This thread was marked as Locked by Jay13x.
Quote from Jay13x »First of all, you're not going to get legal advice here. There are a couple lawyers on the forum, but what they tell you still can't be considered legal advice.
Never lend a friend more money than you're willing to lose. This kind of thing happens all the time, and the reality is you don't really have a leg to stand on here. You took out the loan and you have been making the payments - and that's really all that matters. As far as the bank is concerned, you owe that money. Your loan to him in turn is another issue, but without written documentation of the loan terms, you don't really have much. Worse, you've essentially said you were loan sharking him, with that $100 interest per month. You got played and you made a monumentally stupid decision. Plus, since you aren't charging him market loan rates, you may actually end up owing taxes on the loan if you take it to court.
Here is the reality: your friendship is basically over.

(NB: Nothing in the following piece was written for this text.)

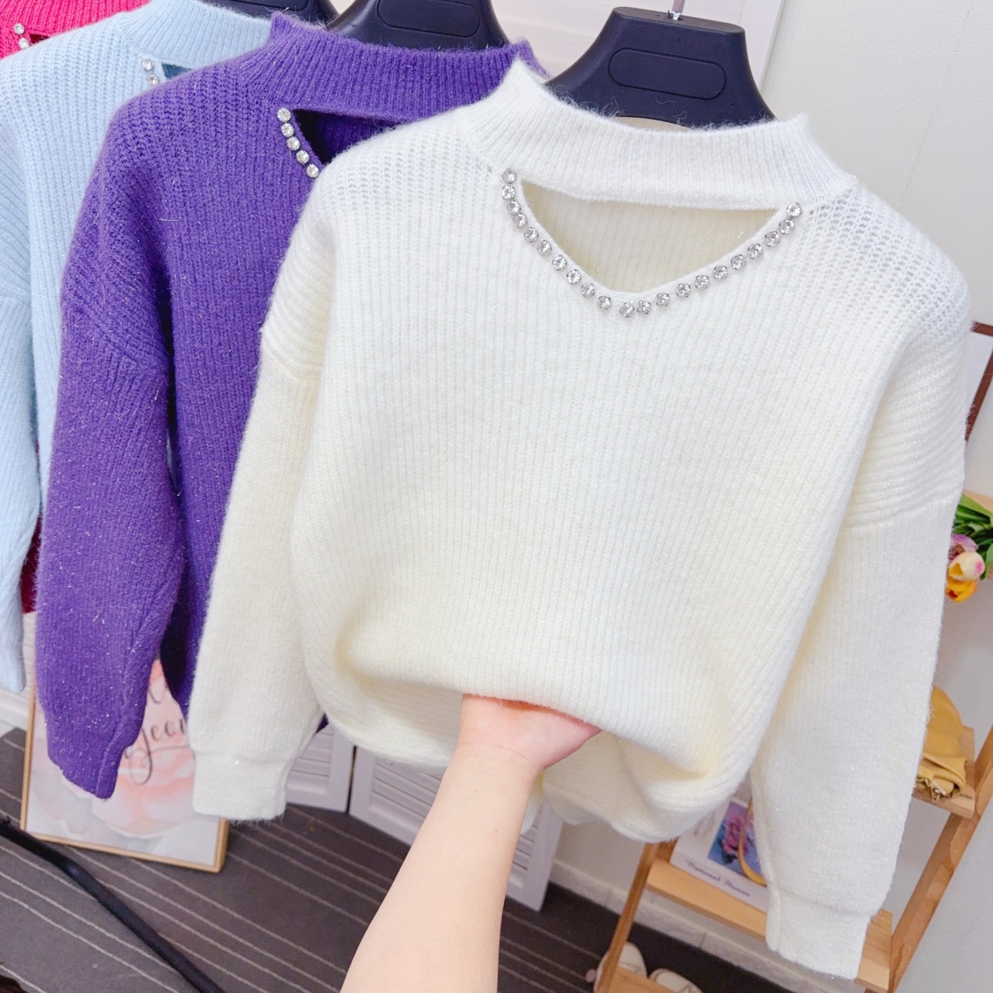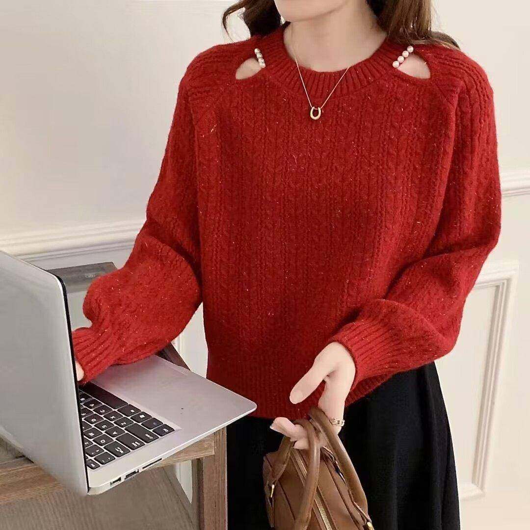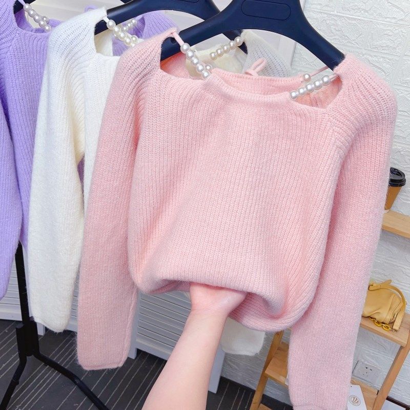 - 针织衫 露锁骨

You've mentally made the switch to being his creditor now, not his friend, and there is really no going back and it'll be very tough to fix that bridge in the relationship now that you've gotten to this point. He's dodging you because he knows he can get away with it and keep putting you off. He has no incentive to finish paying you off anytime soon, and he really has no responsibility to do so. If you look through RLA's archives, there are a few examples of things like this happening - you actually got off pretty easy (in one case, a group of friends opened up a business which failed, but only one of them put their name on all the documents, so the rest got off scott free). You've really been lucky to get any money back from him. Honestly, I think you're better off forgetting the money, and you certainly shouldn't do anything that would jeopardize his payments to you, because without a promissory note or a written deal you don't have much to go on to back it up. If he didn't want to tell his wife before, you have no idea what that situation would create - you may just stop getting any money because she could put a stop to it or he could lie to her about it with the same outcome.
If you want your money back, make the payments something that he really can't claim he can't make. Rather than trying to wring a hundred or three out of him every month or every few months, get what you can from him monthly. Maybe talk to him about a minimum monthly payment of $50, with the expectation that he ups it whenever he can. At the very least you're working towards making your money back.
Quote from Zephyrpower »I understand now it was a monumentally stupid decision. Even back then, my gut reaction was to say NO, which I kick myself everyday for NOT saying that.
Quote from Zephyrpower »At this point, I'm not worried about the extra money. I didn't realize it was "loan-sharking" if he offered it to me. I definitely don't planning on collecting the entire amount of that (and now that you've mentioned it's loan-sharking, I may not collect any). I was considering just taking $500 or something for all trouble in dealing with this over the past 6 yrs.
Quote from Zephyrpower »I'm still trying to arrange a meeting with him to go over the total payments and agree to a final amount that he owes, perhaps even reducing it to entice him to pay me off sooner. That way, if he doesn't pay, at least i have a written document.
Quote from Zephyrpower »I'm still trying to arrange a meeting with him to go over the total payments and agree to a final amount that he owes, perhaps even reducing it to entice him to pay me off sooner. That way, if he doesn't pay, at least i have a written document. Lastly, despite my wife pushing me to take him to court and teach him a lesson, I've been hesitating/holding off for the exact reason of jeopardizing the existing, though slow and sporadic payment structure that we do have going.
Quote from Slarg232 »You could just let his wife know. Politely.
As you said, she doesn't know and you don't think he wants her to know. Go to her, ask for the remaining money (Just say you're going to get him a gift and you need a boost to get the last bit) and presto.
Gonna lose a friend after that, but you'll get your money back.